Mutterkreuz ·

Es wirkt zunächst wie ein militärischer Orden: ein lateinisches Kreuz mit Tatzenenden, blau-weiß emailliert mit einem silbernen Strahlenkranz um das Zentrum und dem Hakenkreuz darin. Erst die Umschrift „Der deutschen Mutter“ macht klar, dass es sich um das „Ehrenkreuz der Deutschen Mutter“ (Mutterkreuz) handelt. Adolf Hitler hatte die Mutterschaft als das „Schlachtfeld“ der Frau bezeichnet und damit ihren Stellenwert im Rahmen seines Weltbildes markiert.

Nachdem die Nationalsozialisten bereits 1934 den Muttertag zum Feiertag erhoben hatten, wurde am 16. Dezember 1938 das Mutterkreuz gestiftet. Dieses Datum ist auf der Rückseite eingraviert. Der Orden sollte den Kinderwunsch beflügeln, da in der NS-Ideologie eine wachsende „Volksgemeinschaft“ das wichtigste Zukunftskapital Deutschlands darstellte. Auch formal ahmte er militärische Auszeichnungen nach. Die drei verliehenen Stufen waren nach Anzahl der Kinder gegliedert. Ab vier Kindern erhielten die Mütter das bronzene, ab sechs Kindern das silberne und ab acht Kindern das goldene Mutterkreuz. Es gab jedoch keinen Automatismus, vielmehr mussten Kandidatinnen von NS-Organisationen, kommunalen Behörden oder auch Privatleuten vorgeschlagen werden. Daraufhin wurden der Lebenswandel der Frau, ihre Haushaltsführung und Kindererziehung begutachtet, ebenso die politische Einstellung. Dafür waren vor allem Gesundheitsämter, Ärzte und Fürsorgerinnen zuständig, aber ebenso untere Parteidienststellen. Selbstredend kamen nur „arische“ und „erbgesunde“ Frauen für das Mutterkreuz in Betracht.

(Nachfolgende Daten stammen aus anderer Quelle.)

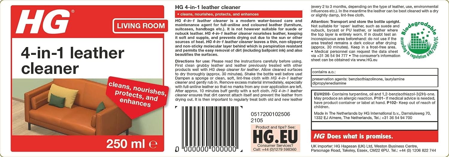 HG 4-in-1 Leather Cleaner, Premium Leather Cleaner and Conditioner to Restore & Nourish Leather Furniture & Accessories, Effective Leather Polish, Leather Treatment Protects Against Stains - 250mlHG 4 in 1 for leather has been specially developed for the care of so-called full-Aniline and scumbled types of leather such as that used for furniture, suitcases and bags. HG 4 in 1 for leather is water-based. This product cleans and nurtures the leather making it supple and protecting it perfectly against dirt, stains and perspiration. Furthermore, it deepens the colour and structure of the leather.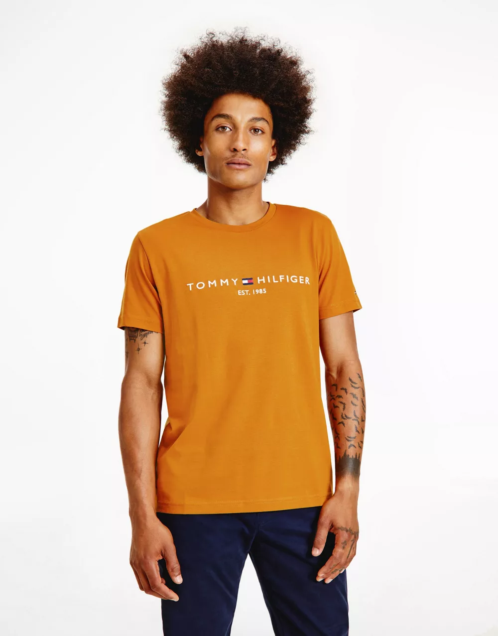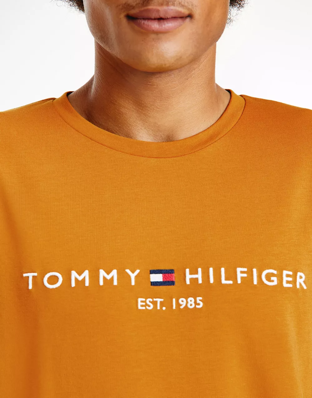 - Tommy Hilfiger embroidered flag logo t-shirt in gold
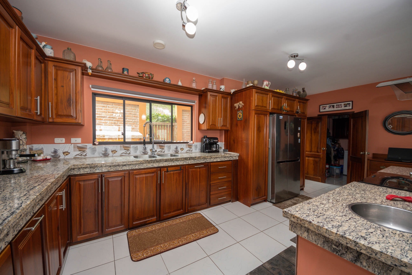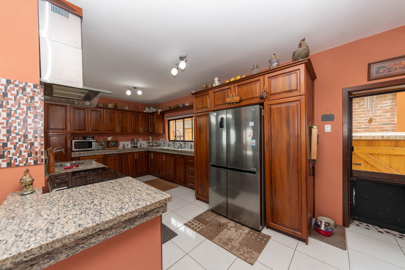 En la cocina te sorprenderá gratamente encontrar un horno de acero inoxidable bien colocado, estufa de acero inoxidable, encimeras de granito y un refrigerador de acero inoxidable, sistema de purificación de agua. Mucho espacio en la sala de estar y el comedor. Toda la casa tiene agua caliente con 2 calentadores de agua. Hay una cisterna de 12.000 litros para reservar agua y distribuirla a toda la casa.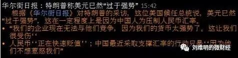 当前极为紧迫的问题是,或许我们已经没有充分的时间去对观点的分歧进行辩论,我们要做的现实选择是继续管控人民币的贬值预期、还是赶紧180度转过身来,立即开始紧急应对人民币升值的压力。 事情真是不能够再巧----文章写道这里的时候我的同事告诉我,特朗普说美元太强了…… 《华尔街日报》刚刚刊发了一则消息: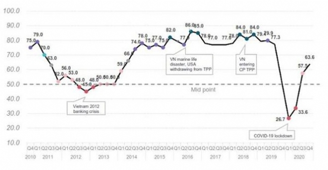 Cụ thể, BCI tăng 6 điểm trong quý IV/ 2020, đạt 63,6 điểm phần trăm khi kết thúc năm 2020 với kết quả cao. Tổng cộng, chỉ số này đã tăng 37 điểm kể từ năm ngoái, sau khi ghi nhận mức điểm thấp kỷ lục trong quý I/2021 với sự bùng phát dịch COVID-19 lần thứ nhất.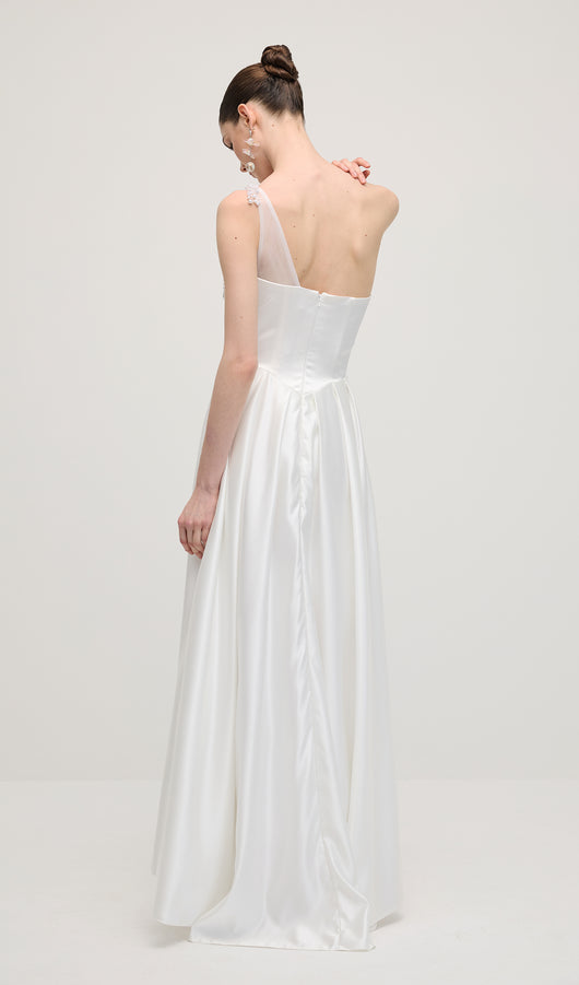 فستان طويل بقصّة ضيقة، مفتوح الظهر، وحمالات رفيعة قابلة للفصل والتعديل، وتفاصيل مدببة عند الصدر. إغلاق خلفي بحمالة صدر.

„Es war für alle Anwesenden, der Theatersaal war voll besetzt, eine erhebende Feierstunde (…). Stolz und erhobenen Hauptes gingen die Mütter, mit den Ehrenkreuzen geschmückt und jede mit einem riesigen Blumenstrauß versehen, aus dem Saal und wurden im dicht besetzten Kurpark immer wieder jubelnd begrüßt.“ Die Schilderung von der Mutterkreuzverleihung im Mai 1940 in Bad Salzuflen lässt erahnen, wie das NS-Regime den Mutterkult zu inszenieren wusste. Das Mutterkreuz sollte nur zu festlichen Anlässen am mitgelieferten Band getragen werden. HJ- und BDM-Mitglieder sollten die Trägerin auf der Straße grüßen wie Inhaber militärischer Auszeichnungen.

Bis September 1941 hatten 4,7 Millionen Frauen das Mutterkreuz erhalten. Frauen mit vielen Kindern, die es nicht vorweisen konnten, gerieten in Gefahr, als asozial oder auf irgendeine Weise nicht regimekonform zu erscheinen. In den Kriegsjahren kam es, wie die Historikerin Irmgard Weyrather herausgefunden hat, häufiger zu Streitigkeiten, wenn Trägerinnen des Mutterkreuzes beim Schlangestehen und bei der Lebensmittelversorgung eine bevorzugte Behandlung erwarteten. Obwohl die Mehrheit das Kreuz durchaus als Würdigung empfand, machte auch das Wort vom „Kaninchenorden“ die Runde. Nach dem Ende der NS-Herrschaft verschwanden viele Mutterkreuze in der Schublade und blieben bis heute erstaunlich oft erhalten.